Accade che un imprenditore palermitano si compri un'azienda a Como. Accade che un giorno decida che a Termini Imerese oggi hanno più bisogno di lavorare che a Como e che metta in scena la sua personale rappresaglia contro la Fiat sbaraccando i macchinari sulle sponde del Lago per trasferirli duemila chilometri più a sud, sulle rive del Mediterraneo.

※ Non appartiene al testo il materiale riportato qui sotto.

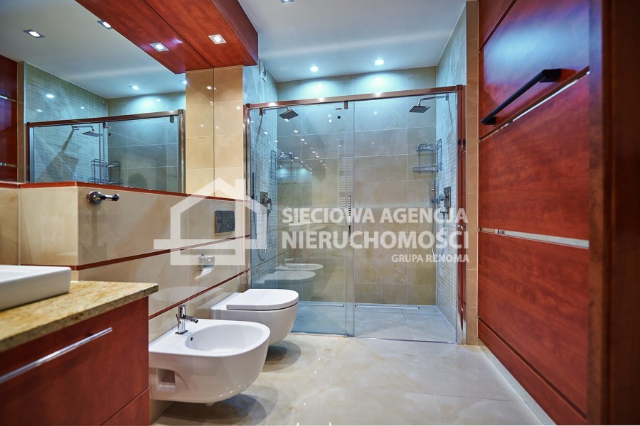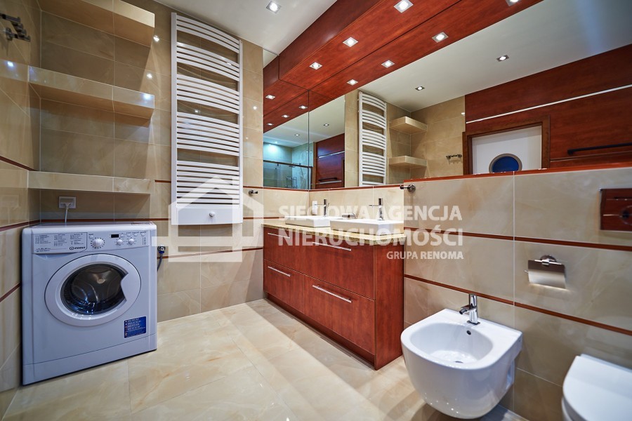 Wyższy standard wykończenia:na podłodze-deska,gres;ściany-glazura,malowane.
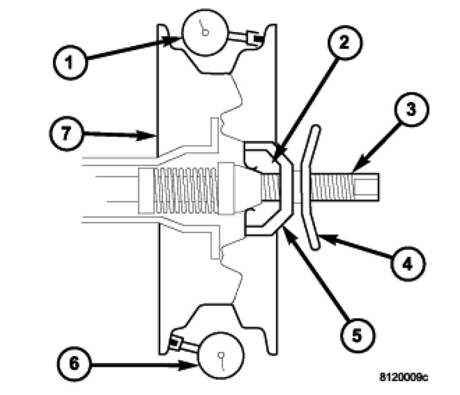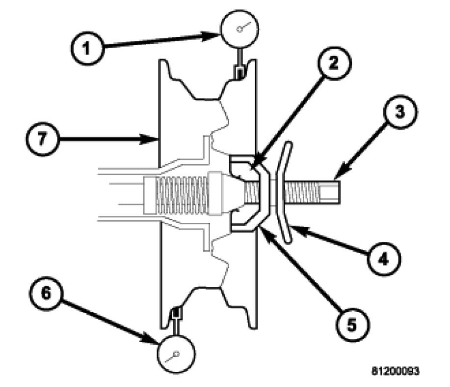 d. If system runout is excessive, re-index the tire and wheel assembly on the hub. Remove assembly from vehicle and install it back on the hub two studs over from original mounting position. If re-indexing the tire and wheel assembly corrects or reduces system runout, check hub runout and repair as necessary Testing and Inspection.
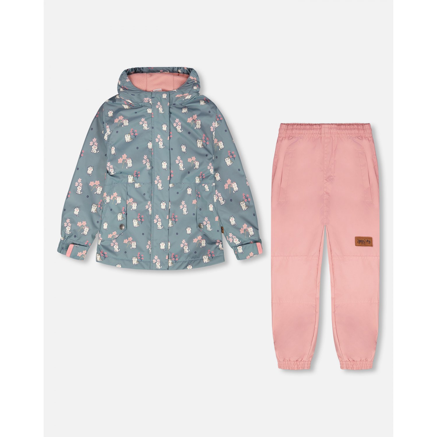 Водонепроницаемый комплект состоит из куртки с капюшоном на подкладке из полярного флиса, с застежкой-молнией спереди, ветрозащитной планкой, эластичными манжетами с регулируемыми застежками и светоотражающими элементами. Брюки с эластичной резинкой на талии и эластичными манжетами, светоотражающими лентами и усиленными коленями для защиты от износа. Ткань верха обработана долговечным и экологичным защитным водоотталкивающим составом.
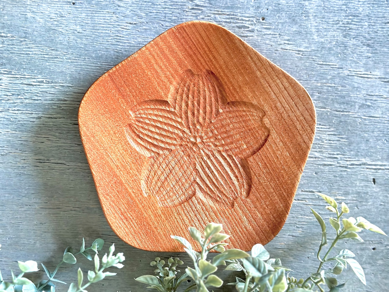 季節の美しい花をモチーフに、一枚一枚木から削り出したFlower plate。

"Non c'entra niente" mi ha assicurato con l'accento palermitano che sfoggia con orgoglio quando parla con chiunque, che sia io o un committente di Bolzano,"ma quale rappresaglia!". Ma non gli ho creduto, perché ho visto qualcosa balenare nel suo sguardo mentre mi raccontava della faccia che avevano fatto i dipendenti comaschi quando gli aveva annunciato le opzioni: perdere il lavoro o trasferirsi in Sicilia. "Non ce n'è stato uno che ha anche solo preso in considerazione la possibilità di andare a vivere a Termini Imerese" ha detto con un sorriso. Già qualche anno fa, al momento di rilevare l'azienda, gli aveva tirato un bello scherzo. "Sono tutti leghisti" mi aveva raccontato, "di quelli veri, che vanno a Pontida e a quella pagliacciata dell'ampolla con l'acqua del Po. E io sai che ho fatto? Mi sono portato dietro il mio caposquadra di fiducia, così a un padrone terrone ho aggiunto un capo rumeno".
Solo che, ha detto senza l'ombra di un sorriso, quelli a Como un altro lavoro lo trovano in fretta, mentre cosa faranno quelli di Termini Imerese quando la Fiat avrà levato le tende?